Posted: 27th November 2014
With the FCA making waves as a more ‘proactive’, ‘intrusive’ regulator, your firm may be concerned that ‘over-regulation’ is choking any possibilities for providing innovative financial products and services to your customers. The FCA has evidently gauged these sentiments, and at the end of October, announced that its ‘Innovation Hub’ was open for business and offering support to firms developing new products and launching pioneering ideas.
This announcement indicates a radical and purposeful change in the approach of the FCA. The regulator is publicly setting out its commitment to work with firms and support those initiatives where true customer benefits will result.
This will come as a great relief to innovative, yet-to-be-authorised start-ups who could now receive dedicated attention and resource, as well as to existing small firms who want to start showing the FCA they are serious about conduct risk.

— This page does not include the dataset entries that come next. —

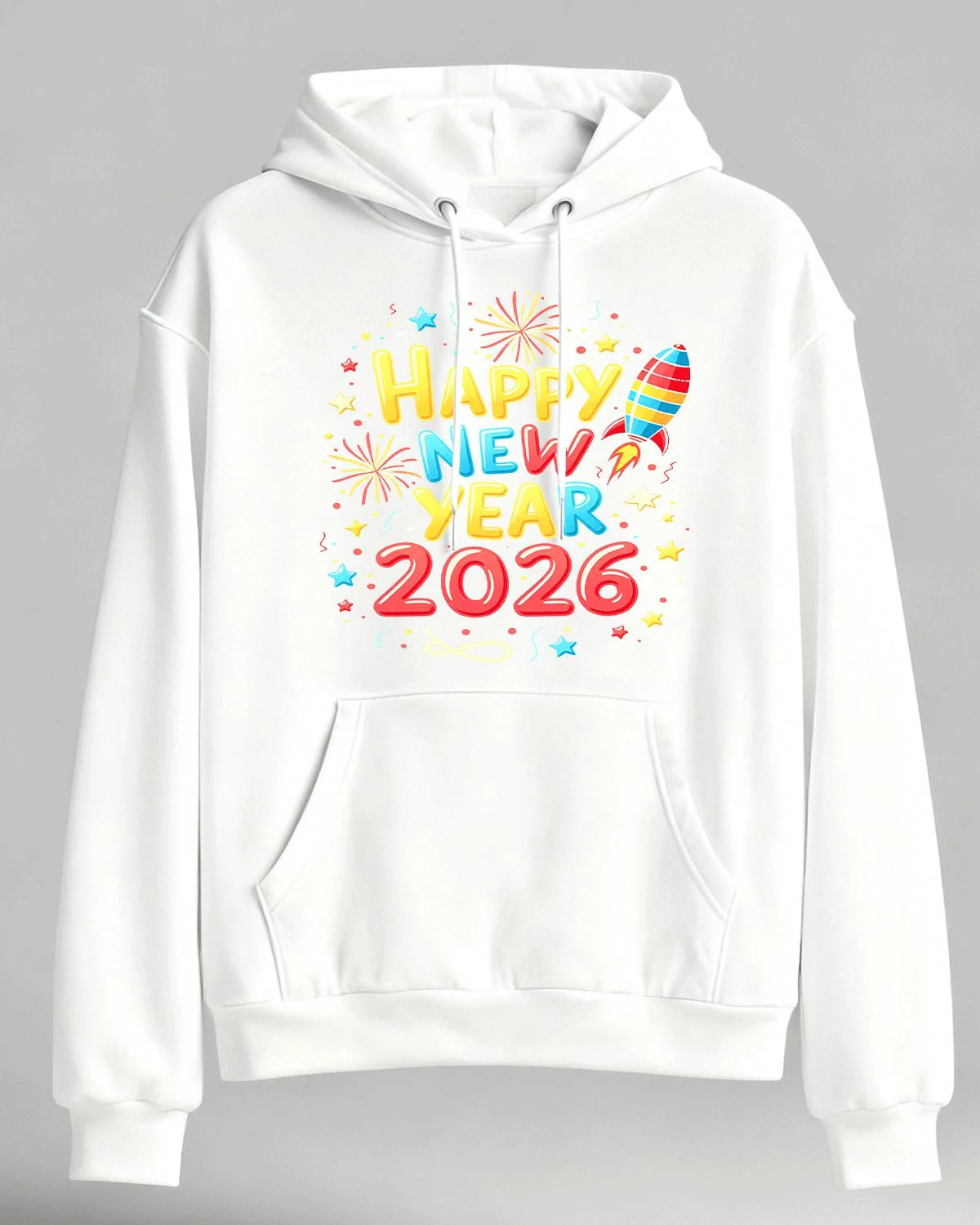 2026 New Year Cruise Ship and Fireworks Cozy Graphic Hoodie for Men and Women - Vintage Artistic, Long Sleeve, Soft Fabric, Comfortable Fit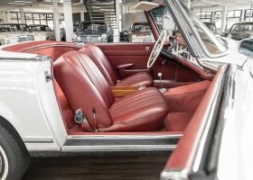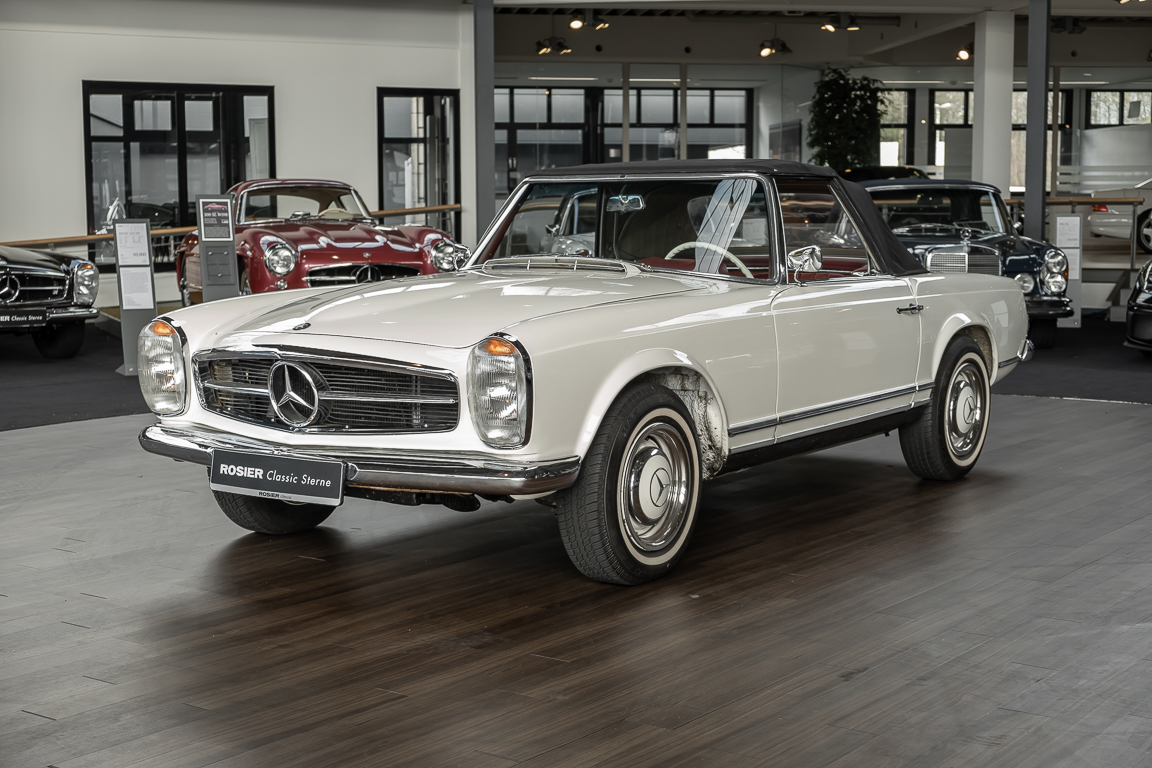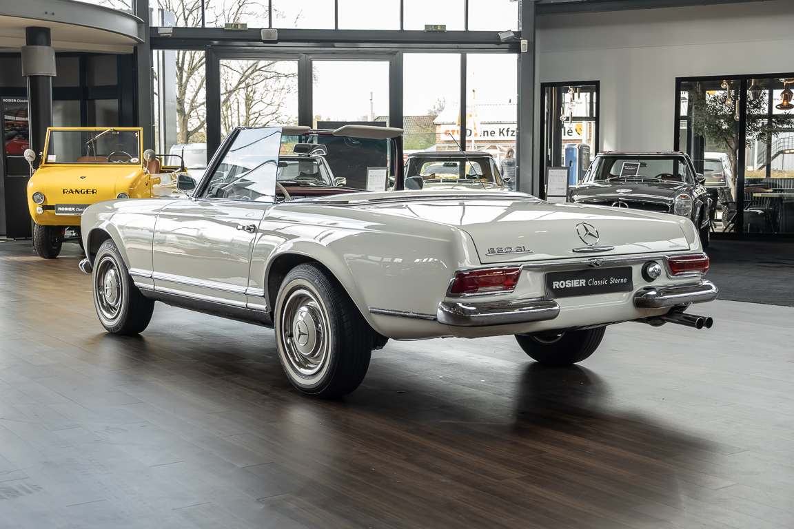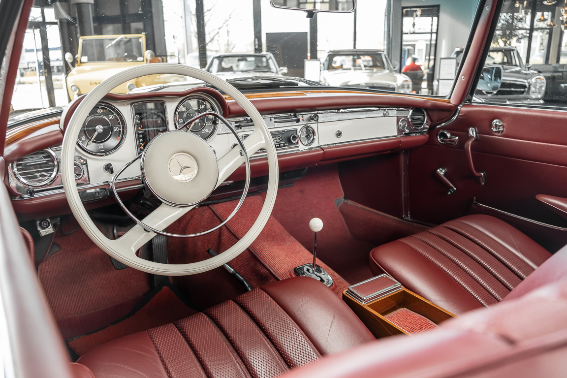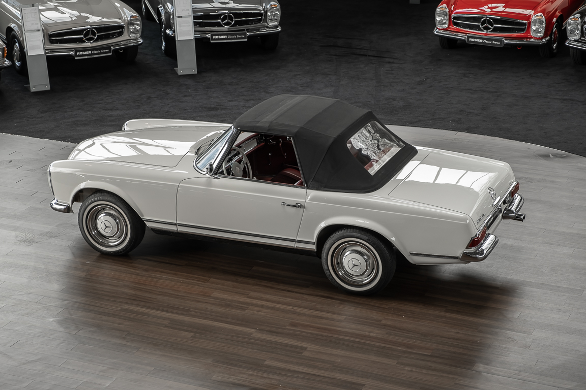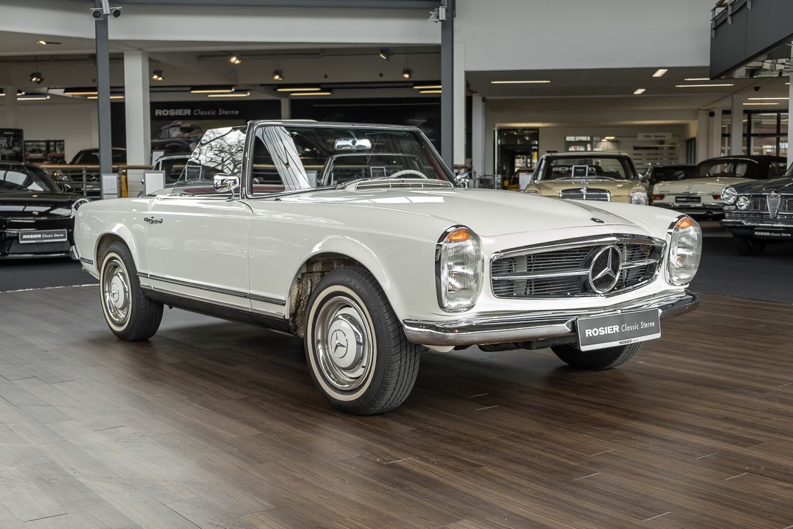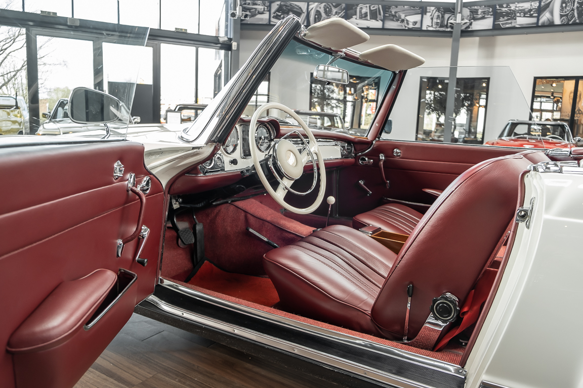 This elegant Mercedes-Benz 230SL Pagoda from 1966 was delivered to its first owner in sunny California/USA. The delivery color was 050 white in combination with red leather. In 2011 we acquired the car in Emeryville, a small town in Alameda County in the state of California/USA. The substance of the now 45-year-old Pagoda was excellent. Nevertheless, due to quality considerations, we decided to extensively overhaul the car. In this process, the interior of the car, which was getting on in years, was also renewed by our upholsterer in top quality. After completion in 2012 we sold the car to a lover of classic cars here in Lower Saxony. The car came regularly to us for service and received a new injection pump about 1 year ago. Unfortunately, the owner's busy schedule does not allow him much time to use the Pagoda. Just about 6,000 km came together in the last 10 years. So the previous owner has now decided to give the car into a new loving hand. We gladly took over the task of selling the car. We would be happy to show you the Pagoda in detail here in our showroom in Oldenburg, you will be thrilled.
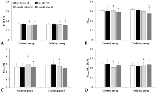 Elongation index (EI) at 3 Pa (A), EImax (B), shear stress at half EImax (SS1/2) (C), and their ratio (D) in the Control and Training groups, tested before and after spiroergometry (SE), with tests conducted at the beginning of the program (base) and at the end of the 3-month program. Means ± S.D.; * p < 0.05 vs. before spiroergometry; # p < 0.05 vs. base, + p < 0.05 vs. Control.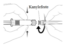 Fest kanylen til sprøyten ved å koble den til luer- lock adapteret og drei en kvart omdreining med klokken til du kjenner at den låses.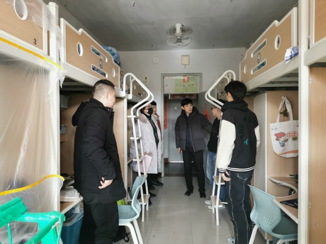 万云波一行来到13号公寓楼3楼,与公司2021级应用化学专业返校员工亲切交流,送上新年的祝福,并鼓励员工做好开学准备迎接新学期。徐光辉同辅导员一起走访员工宿舍、慰问返校员工,了解了员工寒假以及返校过程中遇到的问题,希望同学们尽快调整状态投入到新学期的学习生活中。各年级辅导员对员工宿舍的安全卫生进行检查,对发现问题提出了整改意见。

Industry worries and impact
The FCA feedback statement, following its July call to the industry for input on Project Innovate, recognises that some larger firms in the industry are unhappy that their fees will fund the Innovation Hub; a function of the regulator they feel they are unlikely to receive direct value from.
Whilst these larger C1 and C2 firms have not been excluded, they already have named FCA supervisors, professional compliance teams, and the budget to appoint independent consultants. The FCA is therefore looking to “redress the balance” and give the primary benefits to those smaller firms in the industry who can show they have a ‘genuine need’ for support.
That’s not to say that the FCA won’t continue joining forces with larger firms to encourage innovation. They’re already doing plenty in this space in areas such as behavioural economics and the disclosure of information to customers – thereby showing its intention to be a proactive, pre-emptive and an altogether different kind of regulator.
Such positives can also bring a potential regulatory risk. By supporting innovation, the FCA could indirectly impact the business models of the larger firms, as evidenced by its commentary on helping new innovator firms get bank accounts, and thus hastening the speed at which banks may be required to change their processes. Great for customers, but firms would be well advised to have this risk on their radar. The FCA states that it won’t “interfere in legitimate commercial decisions by banks”, but the devil is in the detail and it remains a risk firms need to be aware of and plan for.
The Regulator’s risk
The ‘Innovation Hub’ sounds great, but an appropriate resourcing balance needs to be maintained between this and the FCA’s day-to-day authorisation, supervision, and enforcement work, as well as the market studies and thematics currently transpiring.
The eyes of the industry, and the larger firms in particular, will be firmly on the FCA and its skill in selecting the most appropriate innovations to support and the most deserving firms to escalate through the authorisation process.
The Innovation Hub truly demonstrates the FCA’s desire to move to a more flexible and pragmatic culture. It is the only regulator in Europe taking such a realistic approach to regulating firms rather than hiding behind tick box processes, rules and legal interpretations. In doing so, they are really demonstrating that they want to work with the industry, and by the same token, improve outcomes for all customers.
Innovation can mean products, processes, marketing or organisational initiatives, so for those firms willing to embrace this new regulatory culture, the rewards are certainly there for the taking.